Of all the museums in New York City, the Frick Collection is the glistening jewel. Housed in a 1914 limestone mansion, it’s a private home filled with old master paintings and decorative arts; but now for the first time, visitors can climb the grand staircase up to the second floor and step inside the sumptuous private bedrooms of the storied Frick family.
“The second-floor rooms, now functioning as galleries, are smaller and more intimate compared to the grand rooms on the first floor,” explains the museum’s John Updike Curator Aimee Ng. “These spaces were once the private areas — bedrooms and sitting rooms — of the Frick family. The domestic scale of these second-floor rooms, which includes about 10 rooms and several passageways, creates an ideal atmosphere for engaging with the collection.”
Henry Clay Frick was an early 1900s industrialist who lived in the Fifth Avenue mansion with his wife, Adelaide, and daughter, Helen. In April, Selldorf Architects completed the most comprehensive upgrade of the museum in nearly 90 years — giving the public a rare glimpse into the grand style of this architectural triumph.
One of the highlights is an enchanting ceiling mural along the second-floor corridor. Contrasted with the otherwise formal interiors, the hand-painted work by John Alden Twachtman offers a delightfully lighthearted touch. “The cerulean sky and suggested landscape are filled with monkeys dressed in Chinese costumes, playfully engaging in human activities — a nod to the French Rococo traditions of singeries and chinoiseries,” reveals Ng. “One particularly charming detail is a monkey lighting the candles of a floating lantern just before the entrance to Adelaide’s bedroom suite.”
The woman who commissioned this mural was Elsie de Wolfe, who is considered America’s first interior decorator. Her simplified, lighter designs replaced the heavy Victorian decor of the time. Turns out, she was just starting her career when Frick was building his estate — so she sent him a rather bold pitch. “In 1914, she wrote to Mr.
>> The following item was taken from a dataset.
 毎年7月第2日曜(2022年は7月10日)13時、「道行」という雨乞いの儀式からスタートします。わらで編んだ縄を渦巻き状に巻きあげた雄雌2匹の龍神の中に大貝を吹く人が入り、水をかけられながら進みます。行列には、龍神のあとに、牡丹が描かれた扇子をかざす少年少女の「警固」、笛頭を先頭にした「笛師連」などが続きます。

Frick, who had initially hired a team of all men to decorate his new home,” Ng points out. “She expressed her eagerness to decorate ‘even one room’ and highlighted her expertise in detail and the comfort of women’s spaces — something she claimed ‘no mere man’ could fully understand.”
The pitch worked, and de Wolfe went on to create the iconic Boucher Boudoir, a confection of 18th-century French exuberance. Painted by François Boucher, it includes eight cherub-laden panels depicting the arts and sciences. Previously displayed on the museum’s main floor, the room has been painstakingly returned to its original location. “The Boucher Room was the private boudoir — or sitting room — of Mrs. Frick,” Ng says. “Located next to her bedroom, she used it for various activities. I love the whole room as an ensemble, down to its corner location with windows overlooking Central Park and 70th Street.”
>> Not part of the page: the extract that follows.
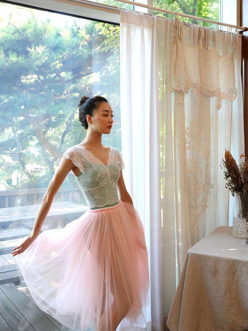 繊細で贅沢な素材をふんだんに使用した韓国ブランドのバレエウエアです。
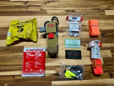Five organized first aid kits laid out on a floor in front of a fireplace.

Another highlight is the beloved breakfast room, where family members gathered for their first meal of the day. The suite’s east-facing windows let in the glistening morning light, infusing the space with a warm glow. And as the kitchen was located on the lower level, a waiter would bring the coffee and treats up to the second-floor room, where the family could savor these delights in private.
Finally, to celebrate all this splendor, the exhibition Vermeer’s Love Letters is on view this summer. The Frick’s masterpiece Vermeer’s “Mistress and Maid” will be united with two special loans: “The Love Letter” from Amsterdam’s Rijksmuseum and “Woman Writing a Letter” from the National Gallery of Ireland. Displayed in a single gallery, the three works will appear together for first time — a fitting love letter to this newly refurbished Gilded-Age museum.